SUPPLIED MATERIAL
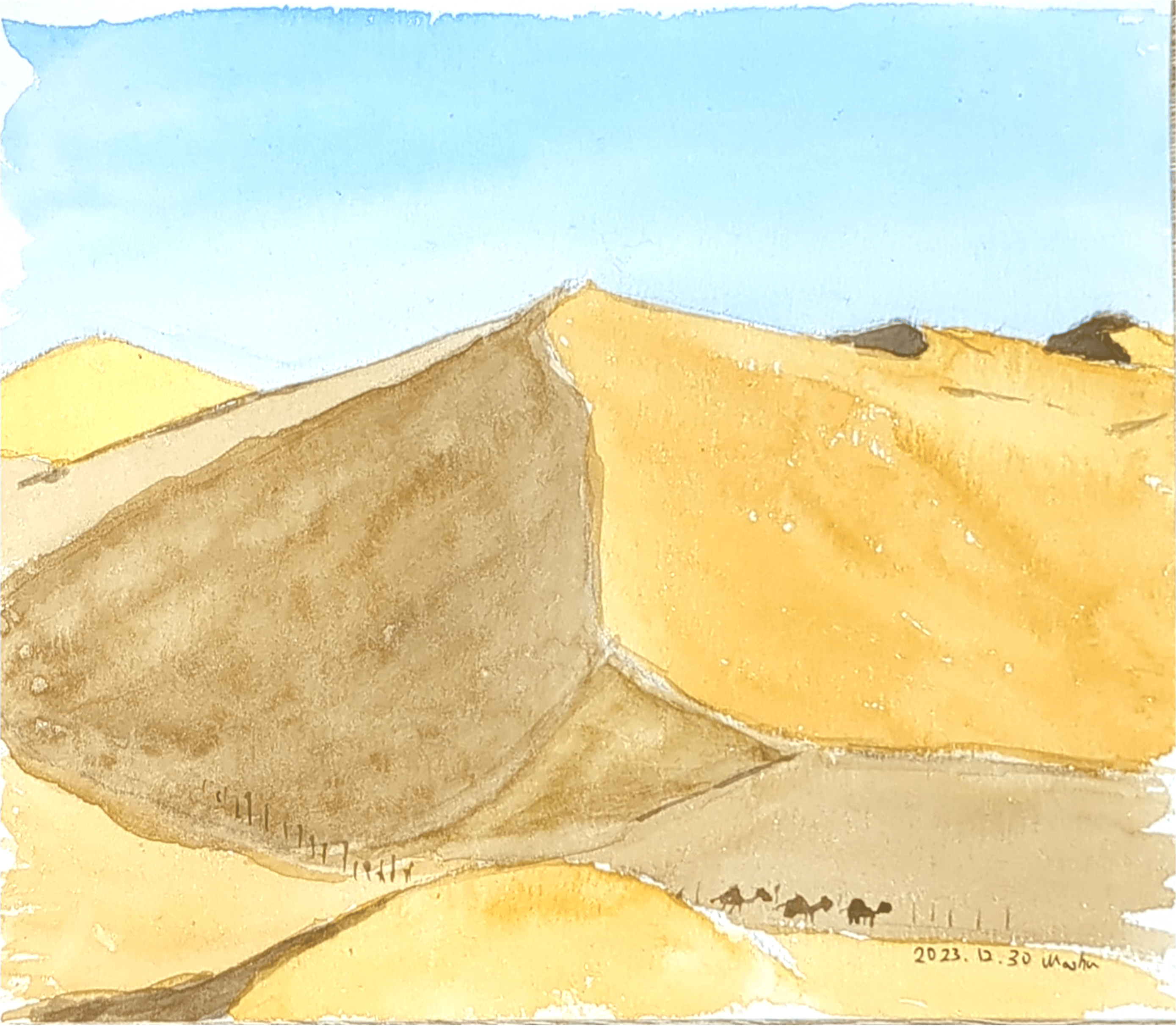 写真を撮影する際にちょうどラクダのキャラバンが通ったので、それも合わせて描いてみました。
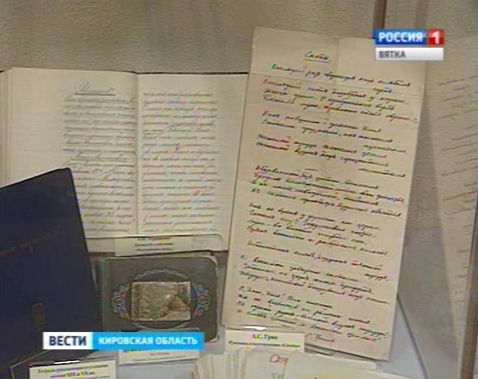 Когда-то также выводил буквы и Александр Грин, записывая свое стихотворение "Снопы". Этот экспонат - из фондов музея, а "Клуб авторской рукописной книги в Вятке" представил свои произведения и издания авторов из Москвы и Санкт-Петербурга. Книга путешественника и книга художника. Книжка-гармошка - с вятскими частушками, и берестяная книжка - с любимой сказкой.
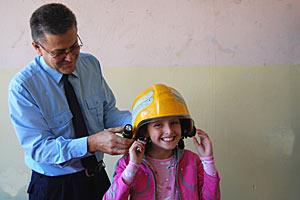 Lisa Beqiri from the 'Dardania' primary school tries on a firefighter's helmet during an OSCE project on fire protection education, to be implemented in five primary schools in the Prishtine/Pristina region, 10 October 2008.

WHAT IS BEING ASKED
From the line with "Когда-то также выводил" through the end of the listing, write out every line exactly, leaving out the pictures.

RESPONSE AREA
 Когда-то также выводил буквы и Александр Грин, записывая свое стихотворение "Снопы". Этот экспонат - из фондов музея, а "Клуб авторской рукописной книги в Вятке" представил свои произведения и издания авторов из Москвы и Санкт-Петербурга. Книга путешественника и книга художника. Книжка-гармошка - с вятскими частушками, и берестяная книжка - с любимой сказкой.
 Lisa Beqiri from the 'Dardania' primary school tries on a firefighter's helmet during an OSCE project on fire protection education, to be implemented in five primary schools in the Prishtine/Pristina region, 10 October 2008.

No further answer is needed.